AS-3 (REVISED) CASH FLOW STATEMENTS

Suresh Prasad (www.aubsp.com) (15630 Points)

10 January 2011  

 

AS-3 (REVISED) CASH FLOW STATEMENTS

 

 

 

1. An enterprise should prepare a cash flow statement and should present it for each period for which financial statements are presented.

5. The following terms are used in this Statement with the meanings specified : Cash comprises cash on hand and demand deposits with banks. Cash equivalents are short-term, highly liquid investments that are readily convertible into known amounts of cash and which are subject to an insignificant risk of changes in value. Cash flows are inflows and outflows of cash and cash equivalents. Operating activities are the principal revenue-producing activities of the enterprise and other activities that are not investing or financing activities.

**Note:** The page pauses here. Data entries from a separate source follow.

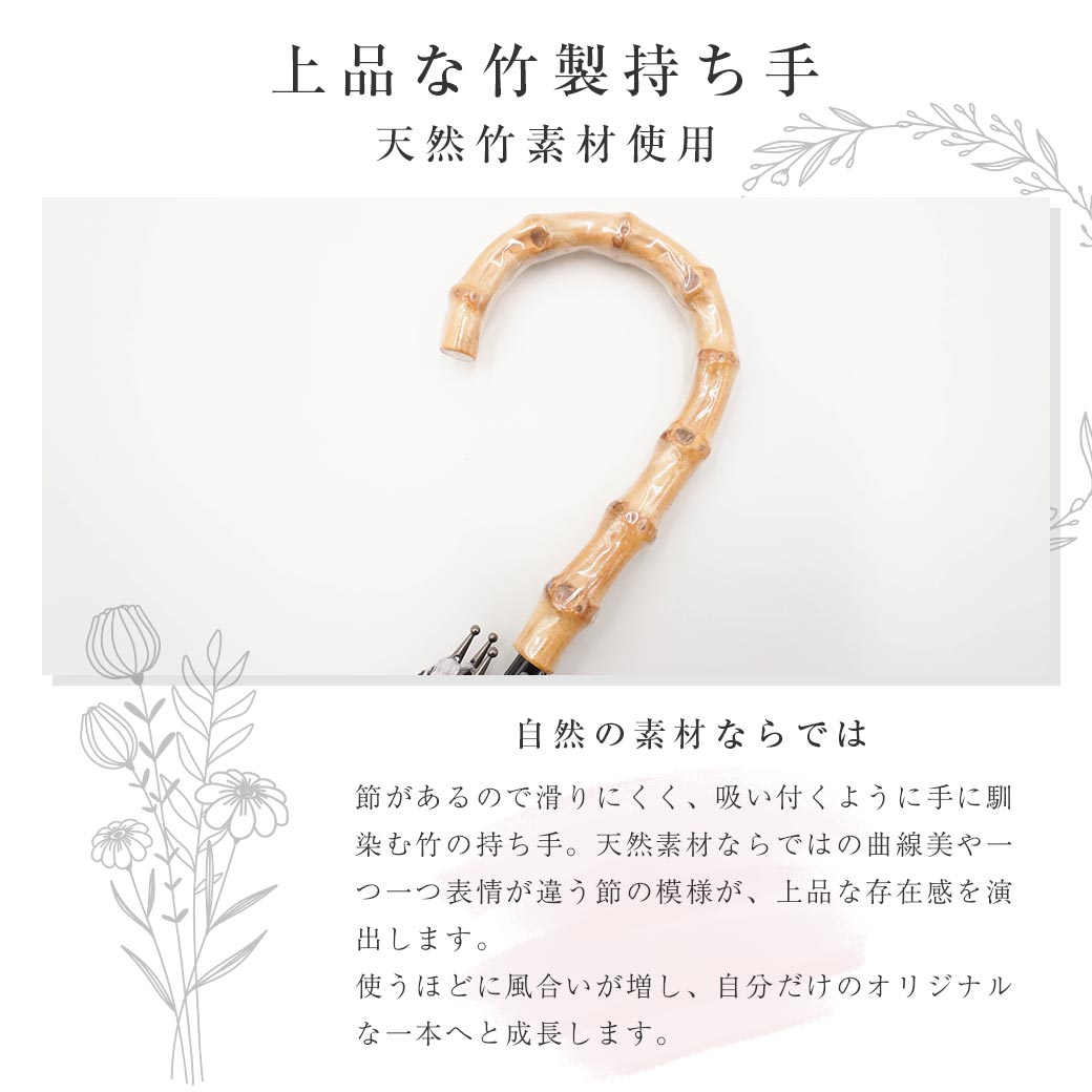 節があるので滑りにくく、吸いつくように手に馴染む竹の持ち手。天然素材ならではの曲線美や一つ一つ表情が違う節の模様が、上品な存在感を演出します。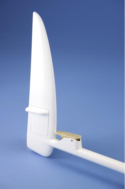 Le stabilisateur flottant est en structure bois également, renforcé avec des pièces en carbone. Il est fixé sur une plaque en fibre de verre pivotante, permettant ainsi l'articulation complète du stabilisateur.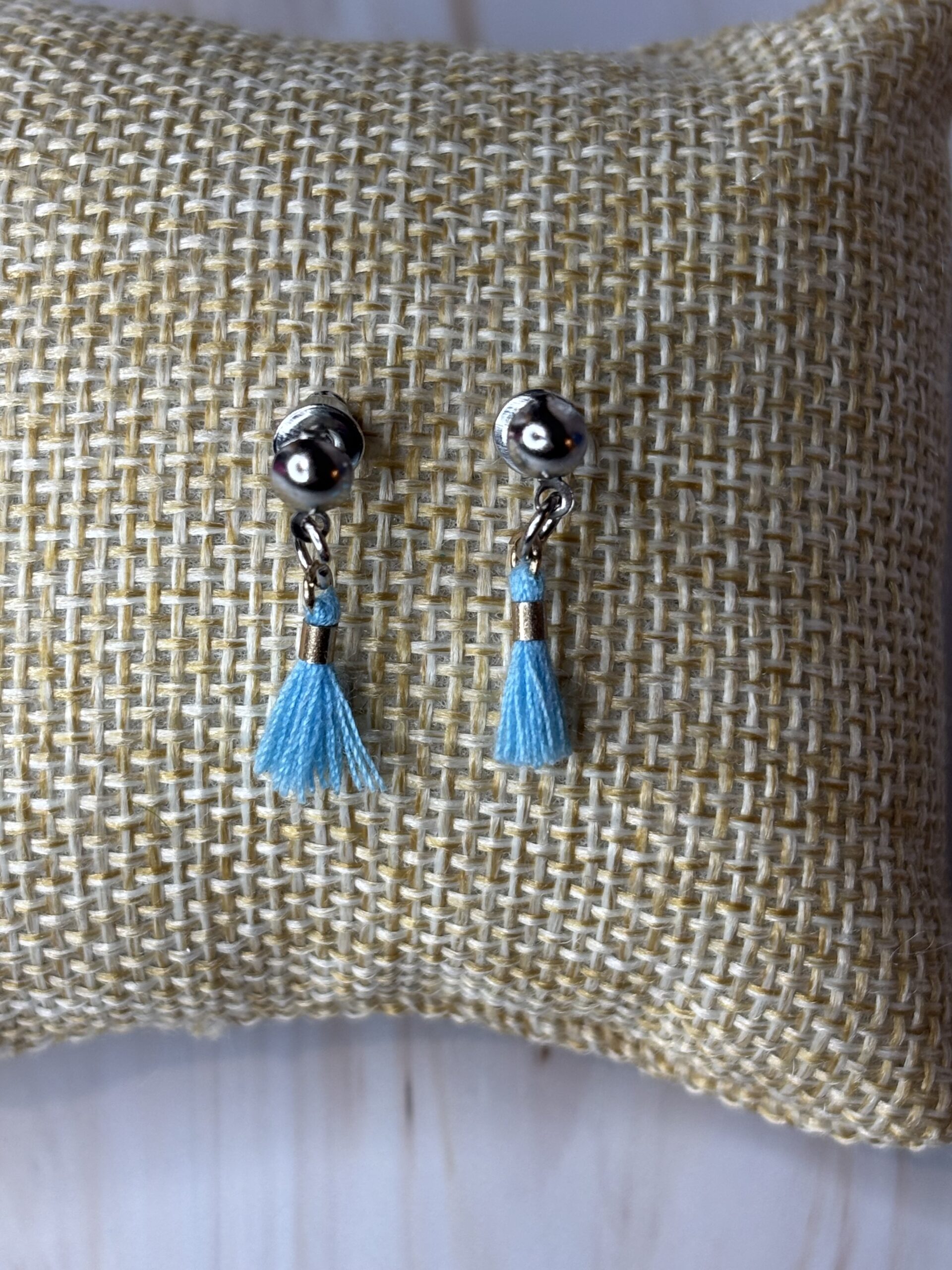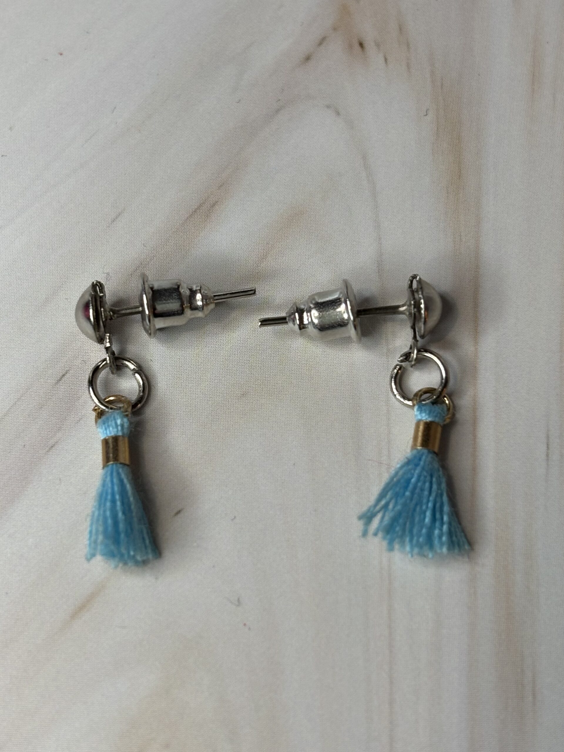 Oorstekers zilverkleurig stainless steel met lichtblauw kwastje.

Investing activities are the acquisition and disposal of long-term assets and other investments not included in cash equivalents. Financing activities are activities that result in changes in the size and composition of the owners’ capital (including preference share capital in the case of a company) and borrowings of the enterprise.)

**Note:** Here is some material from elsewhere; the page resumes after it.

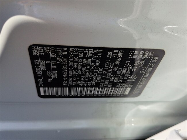 - VIN : JN8BT3BA2PW434259

8. The cash flow statement should report cash flows during the period classified by operating, investing and financing activities.

18. An enterprise should report cash flows from operating activities using either : (a) the direct method, whereby major classes of gross cash receipts and gross cash payments are disclosed; or (b) the indirect method, whereby net profit or loss is adjusted for the effects of transactions of a non-cash nature, any deferrals or accruals of past or future operating cash receipts or payments, and items of income or expense associated with investing or financing cash flows.

21. An enterprise should report separately major classes of gross cash receipts and gross cash payments arising from investing and financing activities, except to the extent that cash flows described in Paragraphs 22 and 24 are reported on a net basis.

22. Cash flows arising from the following operating, investing or financing activities may be reported on a net basis : (a) cash receipts and payments on behalf of customers when the cash flows reflect the activities of the customer rather than those of the enterprise; and (b) cash receipts and payments for items in which the turnover is quick, the amounts are large, and the maturities are short.

24. Cash flows arising from each of the following activities of a financial enterprise may be reported on a net basis : (a) cash receipts and payments for the acceptance and repayment of deposits with a fixed maturity date; (b) the placement of deposits with and withdrawal of deposits from other financial enterprises; and (c) cash advances and loans made to customers and the repayment of those advances and loans.

25. Cash flows arising from transactions in a foreign currency should be recorded in an enterprise’s reporting currency by applying to the foreign currency amount the exchange rate between the reporting currency and the foreign currency at the date of the cash flow. A rate that approximates the actual rate may be used if the result is substantially the same as would arise if the rates at the dates of the cash flows were used. The effect of changes in exchange rates on cash and cash equivalents held in a foreign currency should be reported as a separate part of the reconciliation of the changes in cash and cash equivalents during the period.

28. The cash flows associated with extraordinary items should be classified as arising from operating, investing or financing activities as appropriate and separately disclosed.

30. Cash flows from interest and dividends received and paid should each be disclosed separately. Cash flows arising from interest paid and interest and dividends received in the case of a financial enterprise should be classified as cash flows arising from operating activities. In the case of other enterprises, cash flows arising from interest paid should be classified as cash flows from financing activities while interest and dividends received should be classified as cash flows from investing activities. Dividends paid should be classified as cash flows from financing activities.

34. Cash flows arising from taxes on income should be separately disclosed and should be classified as cash flows from operating activities unless they can be specifically identified with financing and investing activities.

36. When accounting for an investment in an associate or a subsidiary or a joint venture, an investor restricts its reporting in the cash flow statement to the cash flows between itself and the investee/joint venture, for example, cash flows relating to dividends and advances.

37. The aggregate cash flows arising from acquisitions and from disposals of subsidiaries or other business units should be presented separately and classified as investing activities.

38. An enterprise should disclose, in aggregate, in respect of both acquisition and disposal of subsidiaries or other business units during the period each of the following : (a) the total purchase or disposal consideration; and (b) the portion of the purchase or disposal consideration discharged by means of cash and cash equivalents.

40. Investing and financing transactions that do not require the use of cash or cash equivalents should be excluded from a cash flow statement. Such transactions should be disclosed elsewhere in the financial statements in a way that provides all the relevant information about these investing and financing activities.

42. An enterprise should disclose the components of cash and cash equivalents and should present a reconciliation of the amounts in its cash flow statement with the equivalent items reported in the balance sheet.

45. An enterprise should disclose, together with a commentary management, the amount of significant cash and cash equivalent balances held by the enterprise that are not available for use by it.